Every line of the listing below should be written out exactly, minus its pictures.
[Opening PROVIDED MATERIAL section]
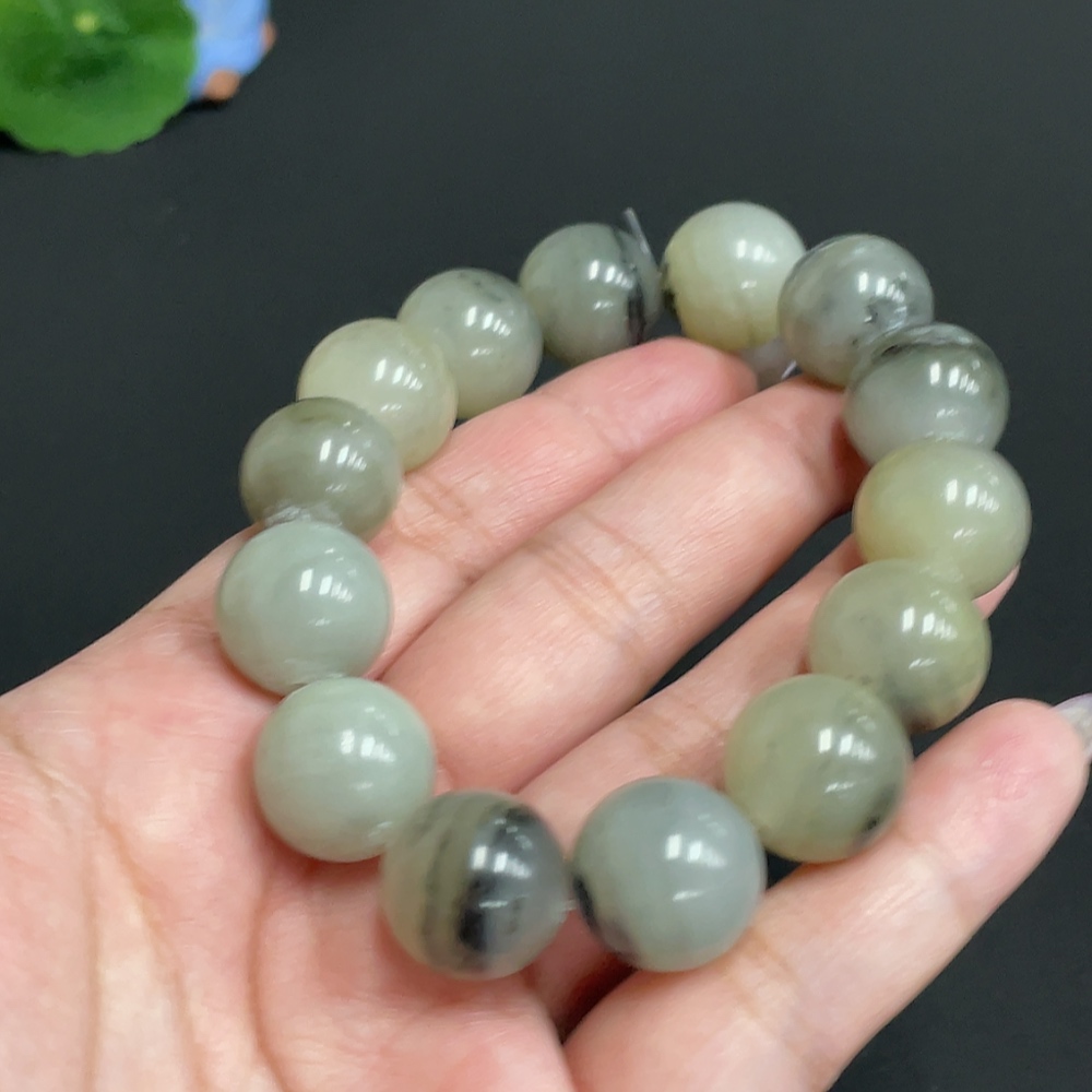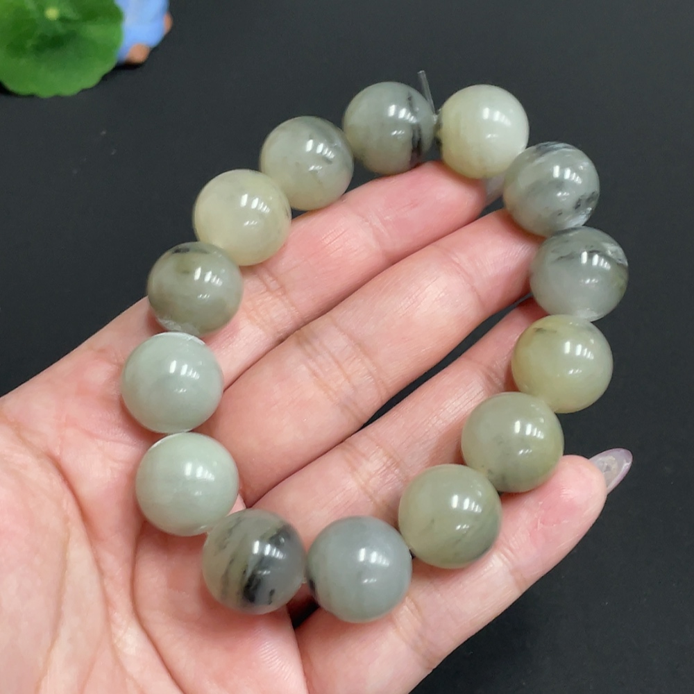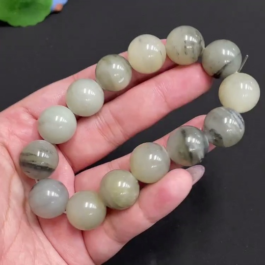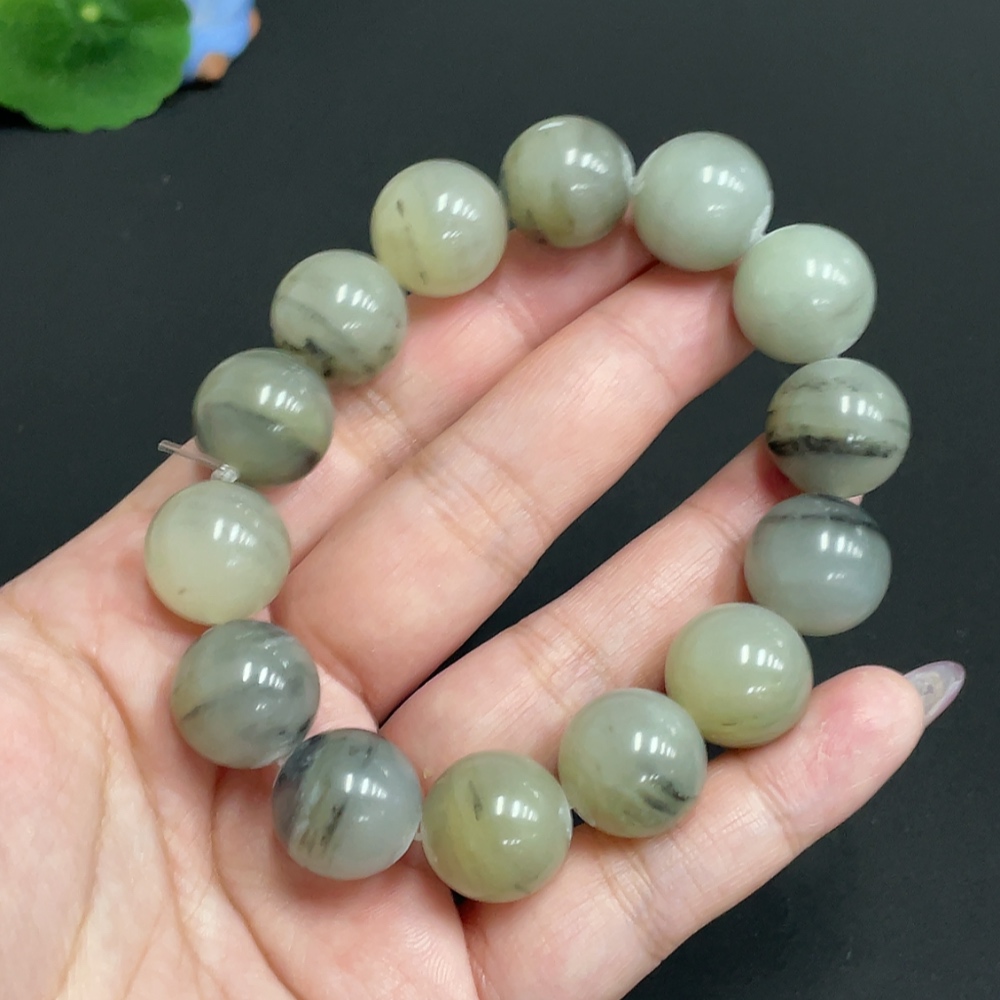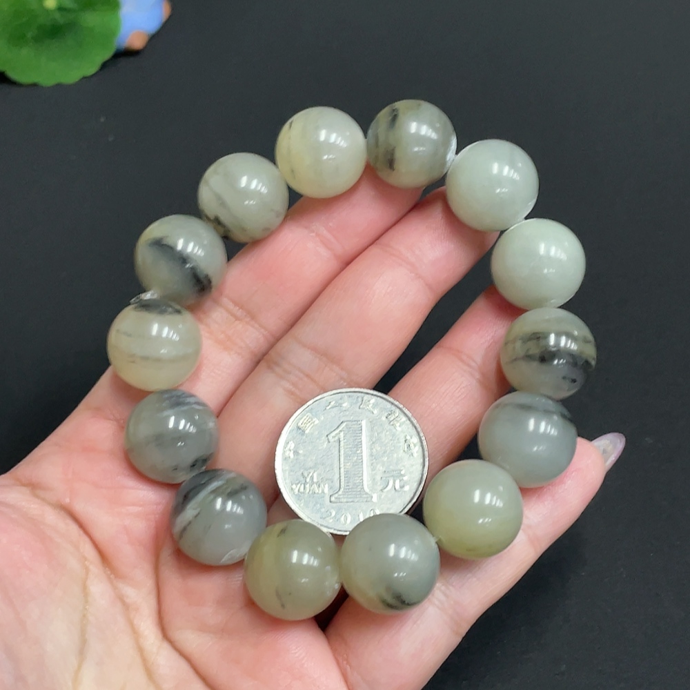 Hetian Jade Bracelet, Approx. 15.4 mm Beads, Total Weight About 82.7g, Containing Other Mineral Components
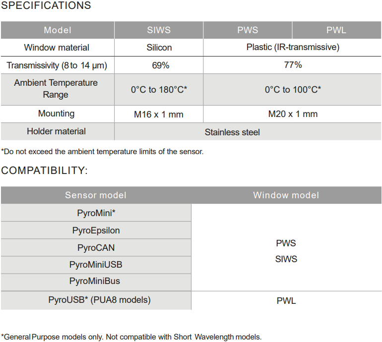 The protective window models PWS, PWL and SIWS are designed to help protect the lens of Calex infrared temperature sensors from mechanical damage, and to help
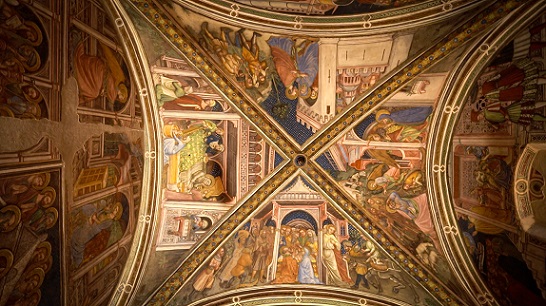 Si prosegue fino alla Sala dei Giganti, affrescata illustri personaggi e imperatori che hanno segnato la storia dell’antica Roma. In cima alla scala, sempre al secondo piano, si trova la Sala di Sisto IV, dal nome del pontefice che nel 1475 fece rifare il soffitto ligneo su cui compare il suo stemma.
[Closing PROVIDED MATERIAL section]
→ **RESPONSE TO THE TASK**
 Hetian Jade Bracelet, Approx. 15.4 mm Beads, Total Weight About 82.7g, Containing Other Mineral Components
 The protective window models PWS, PWL and SIWS are designed to help protect the lens of Calex infrared temperature sensors from mechanical damage, and to help
 Si prosegue fino alla Sala dei Giganti, affrescata illustri personaggi e imperatori che hanno segnato la storia dell’antica Roma. In cima alla scala, sempre al secondo piano, si trova la Sala di Sisto IV, dal nome del pontefice che nel 1475 fece rifare il soffitto ligneo su cui compare il suo stemma.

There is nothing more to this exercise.